Start of SOURCE DATA
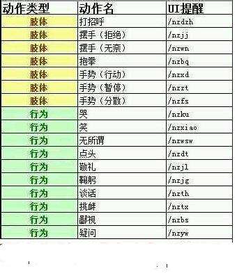 例如我们要跳舞。我们知道跳舞的拼音是"tiaowu" 那么我们在游戏中输入的指令就应该是:/nztw (注意这里的tw就是拼音的每个字的首字母)
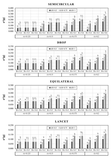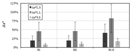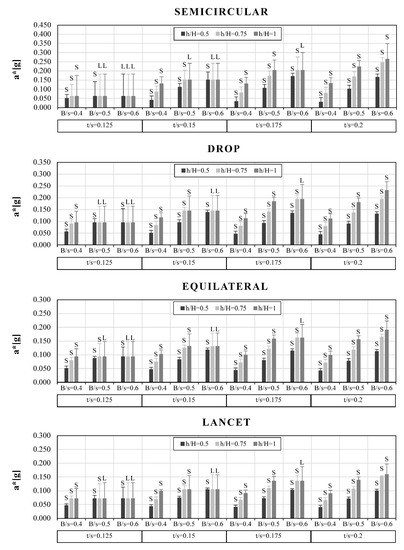 The results obtained, for each eccentricity and reinforcement configuration (RI, RE and RI-E), are depicted in Figure 17, Figure 18 and Figure 19, in terms of increase of the a* values (thin lines) with respect to the unreinforced (UN) configuration (bars). The a* values are presented following the t/s, B/s and h/H ratios and L- or S-mechanisms in the reinforced configuration are highlighted.
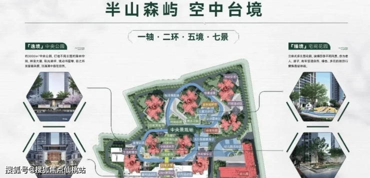 休闲——项目以“归境、悦境、逸境、臻境、秘境”五境归园理念,营造沉浸式森意栖居体验,涵盖约1200㎡的迎礼广场,约400㎡的下沉庭院园林会客厅,约3000㎡的中央公园。
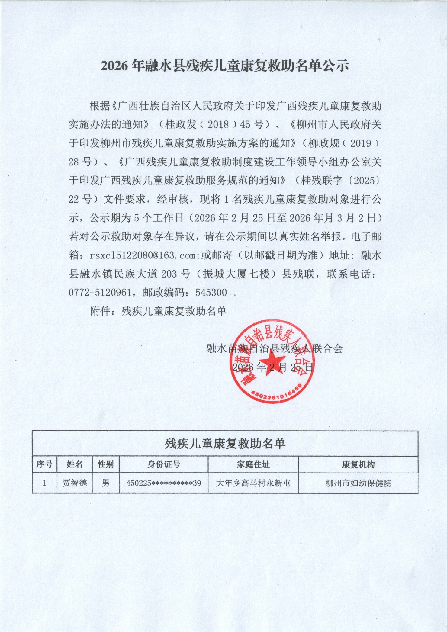 2026年融水县残疾儿童康复救助名单公示2026.2.25
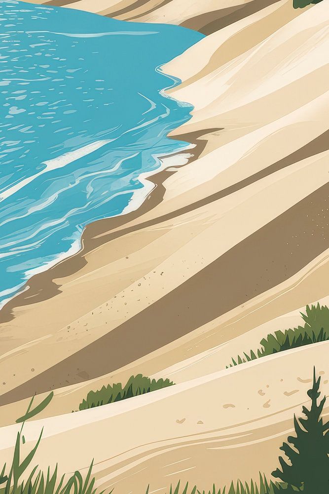 Gentle waves wash over the golden dunes as the sun rises gently on the horizon. The deep green fir trees lend the picture an earthy freshness, perfect for revitalising the room. This work of art brings a touch of nature and freedom into the living room and creates a relaxing atmosphere that invites you to dream.
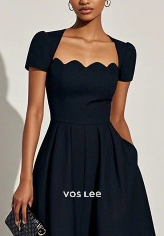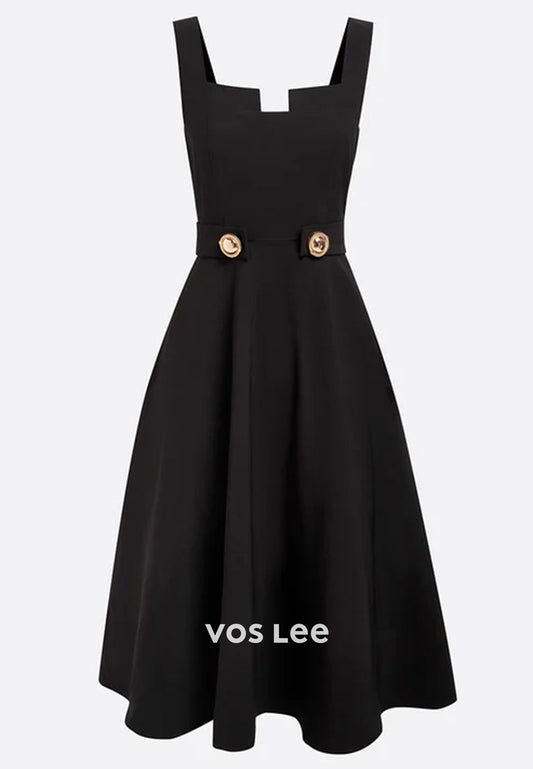 Luxurious Black A-Line Square Sleeveless Pleated Tea-Length Wedding Guest Dresses
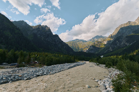 A serene mountain landscape features a rocky riverbed winding through a valley under a clear blue sky, with forested slopes and distant peaks offering a tranquil outdoor scene.
End of SOURCE DATA
--- WHAT IS EXPECTED ---
Nothing but the listing, copied exactly and stripped of its images, should appear in the response.

--- EXERCISE OUTPUT ---
 例如我们要跳舞。我们知道跳舞的拼音是"tiaowu" 那么我们在游戏中输入的指令就应该是:/nztw (注意这里的tw就是拼音的每个字的首字母)
 The results obtained, for each eccentricity and reinforcement configuration (RI, RE and RI-E), are depicted in Figure 17, Figure 18 and Figure 19, in terms of increase of the a* values (thin lines) with respect to the unreinforced (UN) configuration (bars). The a* values are presented following the t/s, B/s and h/H ratios and L- or S-mechanisms in the reinforced configuration are highlighted.
 休闲——项目以“归境、悦境、逸境、臻境、秘境”五境归园理念,营造沉浸式森意栖居体验,涵盖约1200㎡的迎礼广场,约400㎡的下沉庭院园林会客厅,约3000㎡的中央公园。
 2026年融水县残疾儿童康复救助名单公示2026.2.25
 Gentle waves wash over the golden dunes as the sun rises gently on the horizon. The deep green fir trees lend the picture an earthy freshness, perfect for revitalising the room. This work of art brings a touch of nature and freedom into the living room and creates a relaxing atmosphere that invites you to dream.
 Luxurious Black A-Line Square Sleeveless Pleated Tea-Length Wedding Guest Dresses
 A serene mountain landscape features a rocky riverbed winding through a valley under a clear blue sky, with forested slopes and distant peaks offering a tranquil outdoor scene.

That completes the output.